Sometimes I serve meals deconstructed where everyone can add what they want. Tonight I served a make your own taco bar and everyone picked their own toppings etc.


Yup. Anecdotal, but I spent evenings w/ grandma who did this (and served a lot of our family's traditional cultural food), grew up to be an extremely adventurous eater. Middle sister was in the middle and is middle of the road eating wise.

Youngest got babied by parents and got her own separate dinner; at age 25 she basically only eats PB&J, burgers, steak, fries, chicken nuggets, butter pasta, and cesar salad.

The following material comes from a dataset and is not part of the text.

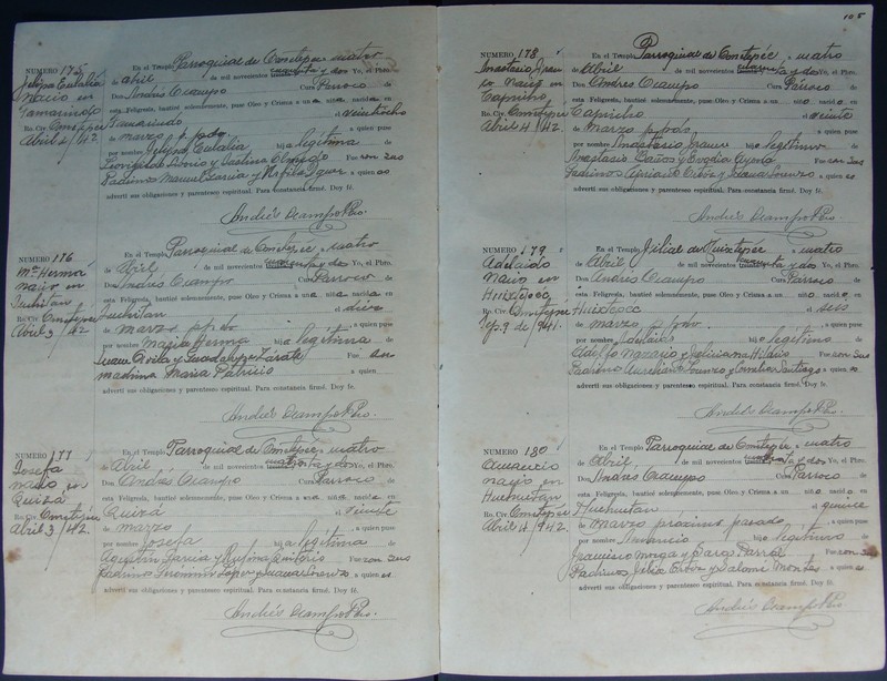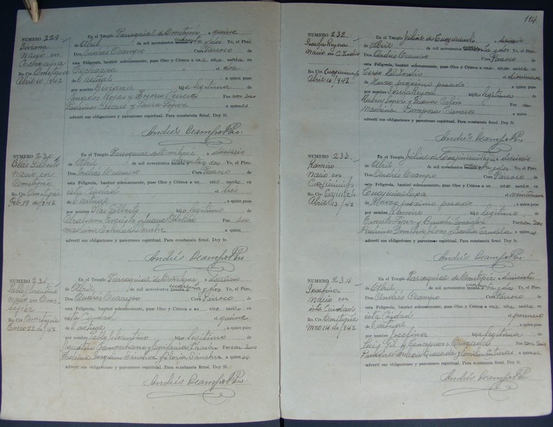 Libro 68. Bautismos de hijos legítimos de la parroquia de Ometepec, 1941-1943. Archivo Parroquial de Santiago Apóstol. Sección Sacramental

My preschooler has eaten what we've eaten since we started introducing solids. Sometimes it takes a few tries for little kids to get used to a new food, and I feel like so many parents give up the first time a kid spits something out. We keep it fun and low stakes and after a couple tries over the span of a few meals she's usually on board.
Anonymous
Sick sick sick
Anonymous
No. I have done so many things wrong as a parent, but that I rocked. They will eat anything.
Anonymous
We eat the same about 3x a week because that food is essentially boring and often fattening

Chicken/rice/veggie
Steak/potato/salad
Tacos
Etc


But I don’t really want to eat boring and fattening food all the time so I make special meals for me and my h and kids eat the basics.